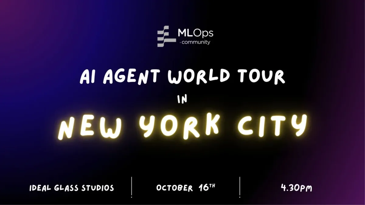 The MLOps Community AI Agent World Tour is coming to New York City this October, and if you’re building or thinking about building AI agents, this is where you want to be.
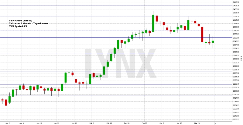 Ähnlich wie in anderen Indizes setzte im S&P-Future am Dienstag ein etwas stärkerer Abwärtsmove ein und bot verschiedene Chancen auf der Shortseite. Die zunächst angenommene Weiterführung der laufenden Longbewegung wurde bereits am Montag uninteressanter. Von Mittwoch bis Freitag lief der Markt dann unter den wichtigen Widerstand von 2.350,00 Punkten und weitere Verkäufe konnten umgesetzt werden. Es bleibt interessant, ob der Markt erneut den Aufwärtstrend aufnehmen kann und sich damit wieder vorteilhafte Chancen auf der Longseite bieten. Für Käufe sollte der Widerstand von 2.350,00 Punkten dauerhaft überschritten werden. Kurse unterhalb dieser Marke könnten erneut für vorsichtige Verkäufe genutzt werden, wobei die Kraft des Marktes für die Kurszielbestimmung berücksichtigt werden sollte.
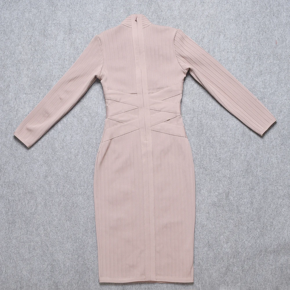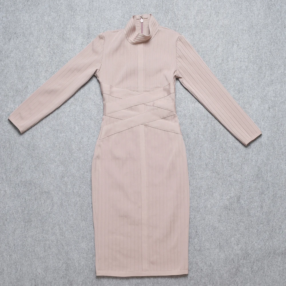 HQBORY High Quality Criss Cross Bandage Dress Long Sleeves Red 2023 For Women Office Lady Strip Bodycon Dress Nude XL Vestidos
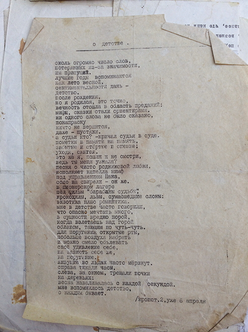 It was a day in March—I have a very good memory for dates. It was the twelfth or thirteenth of March in ‘76. I worked at the Surikov Institute. And she did too. And she came from work. And I went to work. Life seemed tough at the time. Cold. Spring was held up. I came up the stairs and she was about to go down. And I thought that this was some kind of omen. I had no flat at the time where I could spend the night. And she said, “Hello, hello, how are things?” And I tell her that not everything is great [v kaif]. And she says, “If you want to, come to me this evening.” And she bites into an apple and passes it on to me. I don’t have a clear thought in my head and simply say, “Ok.” And when she is going down the stairs, I call after her, “Give me a fiver.” I had no money at all.[19]
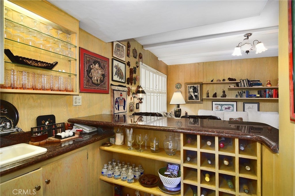 Beamed Ceilings, Built-in Features, Separate/Formal Dining Room, Eat-in Kitchen, Granite Counters, Recessed Lighting, Bar, Main Level Primary, Primary Suite, Wet Bar
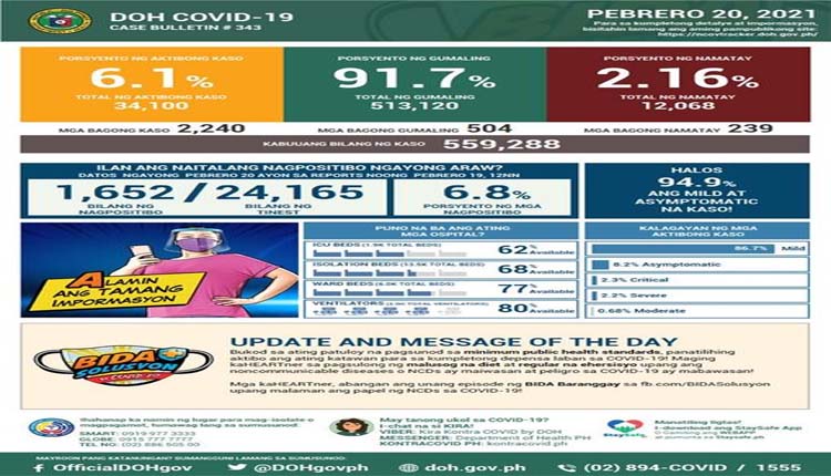Ayon sa DOH ng kabuuang 559,288 kaso ng Corona virus disease sa Pilipinas dahil sa 2,240 na nadagdag ngayong hapon.
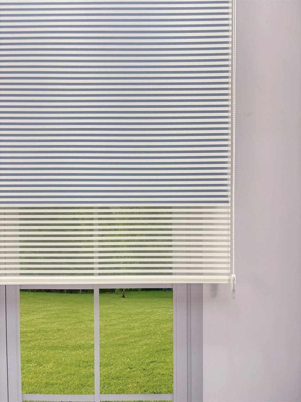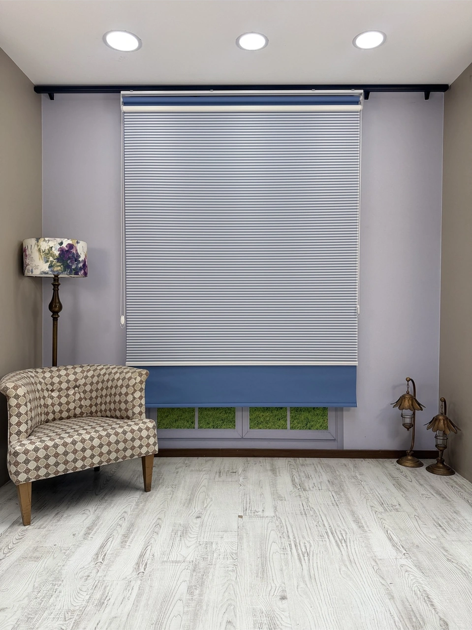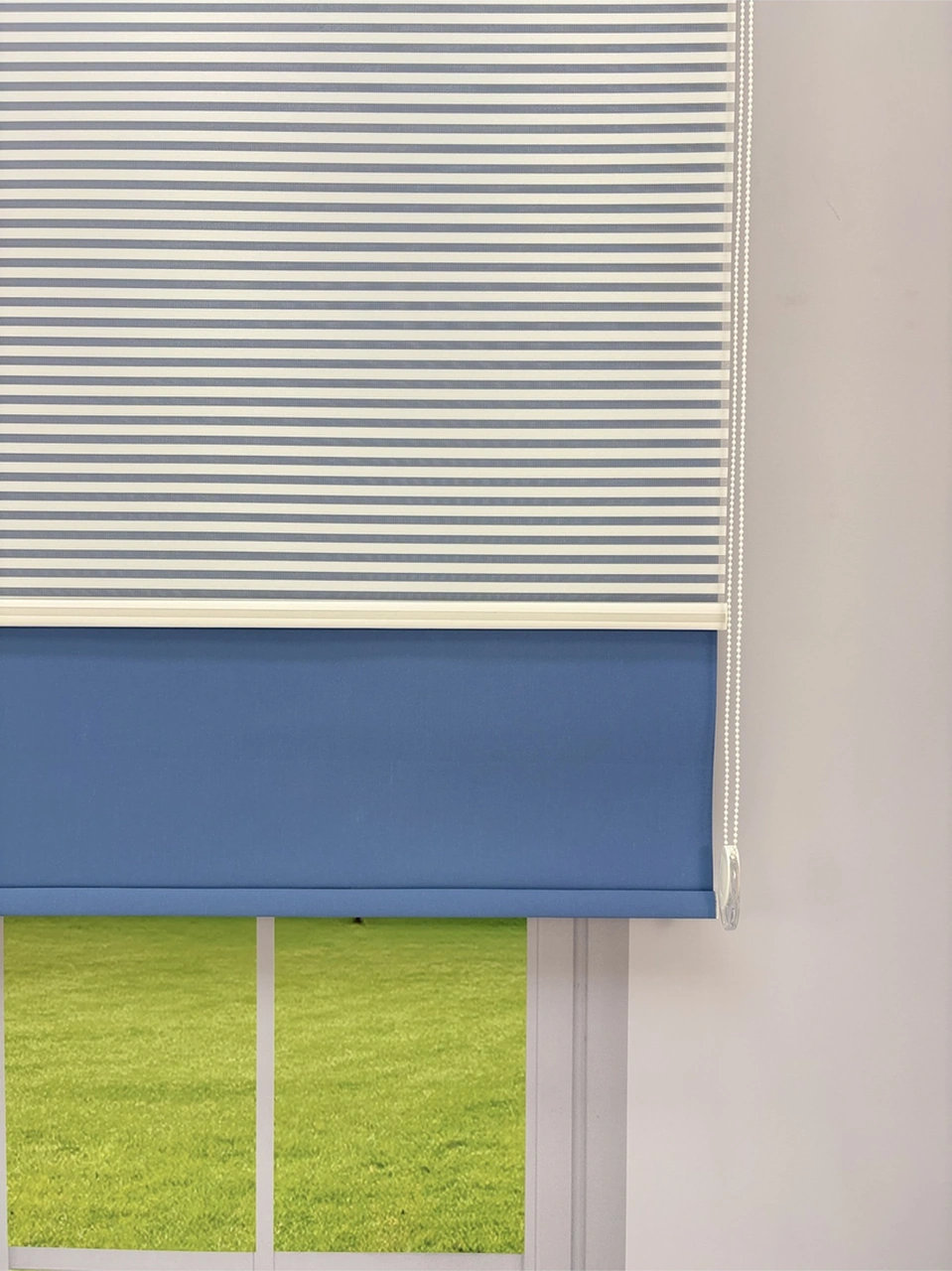 Luna Serisi Beyaz Tül Mavi Stor Perde Işık Kontrollü, Çift Mekanizmalı, Kolay Montaj Mavi
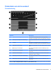 Onderdelen aan de rechterkant 12 Onderdeel Beschrijving (1) eSATA-poort Hierop sluit u hoogwaardige eSATA-componenten aan, zoals een externe eSATA-schijfeenheid. (2) USB-poorten (3) Hierop sluit u optionele USB-apparatuur aan. (3) Upgraderuimte Hierin kunt u een optische-schijfeenheid of een vaste schijf plaatsen. (4) RJ-45-netwerkconnector Hierop kunt u een netwerkkabel aansluiten. (5) RJ-11-connector (modem) Hierop kunt u een modemkabel aansluiten.
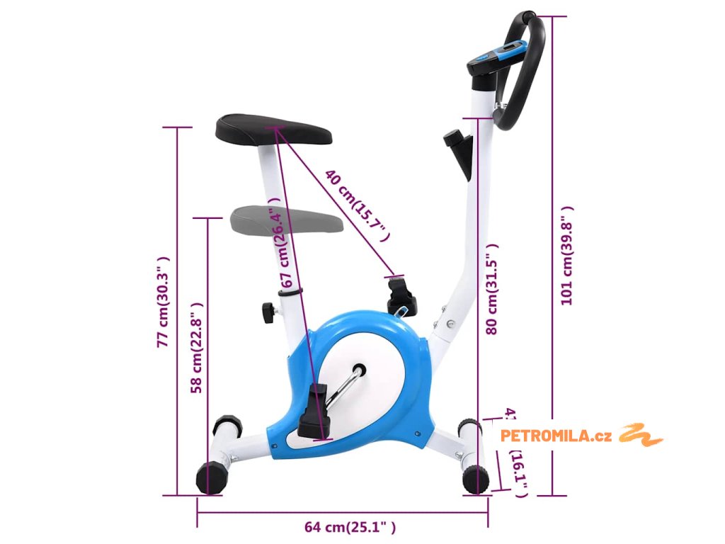 - Ergonomický design: Fitness kolo je ergonomicky navrženo. Sedlo lze vertikálně nastavit podle vaší výšky. Protiskluzové pedály umožňují optimální přenos síly z nohou na pedály. Řemínek na pedálech zabrání náhodnému sklouznutí nohy z pedálů.
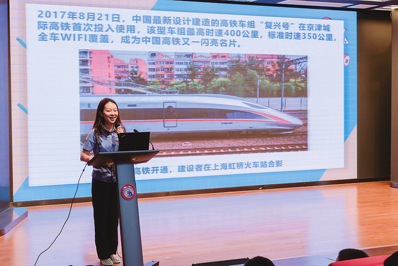 上海电务段团员青年走进校园,普及高铁知识。 张阳 摄
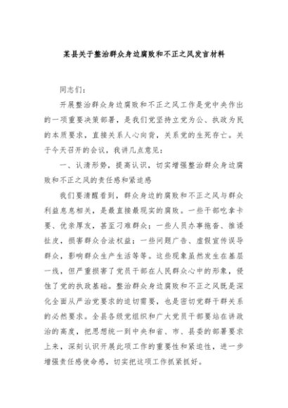 / 【七哥公文】2024年:某县关于整治群众身边腐败和不正之风发言材料+更多免费公文+VX:QiGeGongWen2024
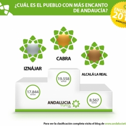 Desde la web de Andalucía Típica, que ha organizado esta encuesta, podemos leer que "después de algunas semanas de intensas votaciones por fin tenemos ganador. Con 19558 votos el pueblo con más encanto de Andalucía 2016 es Cabra". En segundo lugar ha quedado con 17.844 votos, Iznájar. Y en tercero con 8.567 votos, Alcalá la Real.

**ACTIVITY**
An exact copy of the entries above, with no pictures, is the required answer.

**RESULT**
 The MLOps Community AI Agent World Tour is coming to New York City this October, and if you’re building or thinking about building AI agents, this is where you want to be.
 Ähnlich wie in anderen Indizes setzte im S&P-Future am Dienstag ein etwas stärkerer Abwärtsmove ein und bot verschiedene Chancen auf der Shortseite. Die zunächst angenommene Weiterführung der laufenden Longbewegung wurde bereits am Montag uninteressanter. Von Mittwoch bis Freitag lief der Markt dann unter den wichtigen Widerstand von 2.350,00 Punkten und weitere Verkäufe konnten umgesetzt werden. Es bleibt interessant, ob der Markt erneut den Aufwärtstrend aufnehmen kann und sich damit wieder vorteilhafte Chancen auf der Longseite bieten. Für Käufe sollte der Widerstand von 2.350,00 Punkten dauerhaft überschritten werden. Kurse unterhalb dieser Marke könnten erneut für vorsichtige Verkäufe genutzt werden, wobei die Kraft des Marktes für die Kurszielbestimmung berücksichtigt werden sollte.
 HQBORY High Quality Criss Cross Bandage Dress Long Sleeves Red 2023 For Women Office Lady Strip Bodycon Dress Nude XL Vestidos
 It was a day in March—I have a very good memory for dates. It was the twelfth or thirteenth of March in ‘76. I worked at the Surikov Institute. And she did too. And she came from work. And I went to work. Life seemed tough at the time. Cold. Spring was held up. I came up the stairs and she was about to go down. And I thought that this was some kind of omen. I had no flat at the time where I could spend the night. And she said, “Hello, hello, how are things?” And I tell her that not everything is great [v kaif]. And she says, “If you want to, come to me this evening.” And she bites into an apple and passes it on to me. I don’t have a clear thought in my head and simply say, “Ok.” And when she is going down the stairs, I call after her, “Give me a fiver.” I had no money at all.[19]
 Beamed Ceilings, Built-in Features, Separate/Formal Dining Room, Eat-in Kitchen, Granite Counters, Recessed Lighting, Bar, Main Level Primary, Primary Suite, Wet Bar
Ayon sa DOH ng kabuuang 559,288 kaso ng Corona virus disease sa Pilipinas dahil sa 2,240 na nadagdag ngayong hapon.
 Luna Serisi Beyaz Tül Mavi Stor Perde Işık Kontrollü, Çift Mekanizmalı, Kolay Montaj Mavi
 Onderdelen aan de rechterkant 12 Onderdeel Beschrijving (1) eSATA-poort Hierop sluit u hoogwaardige eSATA-componenten aan, zoals een externe eSATA-schijfeenheid. (2) USB-poorten (3) Hierop sluit u optionele USB-apparatuur aan. (3) Upgraderuimte Hierin kunt u een optische-schijfeenheid of een vaste schijf plaatsen. (4) RJ-45-netwerkconnector Hierop kunt u een netwerkkabel aansluiten. (5) RJ-11-connector (modem) Hierop kunt u een modemkabel aansluiten.
 - Ergonomický design: Fitness kolo je ergonomicky navrženo. Sedlo lze vertikálně nastavit podle vaší výšky. Protiskluzové pedály umožňují optimální přenos síly z nohou na pedály. Řemínek na pedálech zabrání náhodnému sklouznutí nohy z pedálů.
 上海电务段团员青年走进校园,普及高铁知识。 张阳 摄
 / 【七哥公文】2024年:某县关于整治群众身边腐败和不正之风发言材料+更多免费公文+VX:QiGeGongWen2024
 Desde la web de Andalucía Típica, que ha organizado esta encuesta, podemos leer que "después de algunas semanas de intensas votaciones por fin tenemos ganador. Con 19558 votos el pueblo con más encanto de Andalucía 2016 es Cabra". En segundo lugar ha quedado con 17.844 votos, Iznájar. Y en tercero con 8.567 votos, Alcalá la Real.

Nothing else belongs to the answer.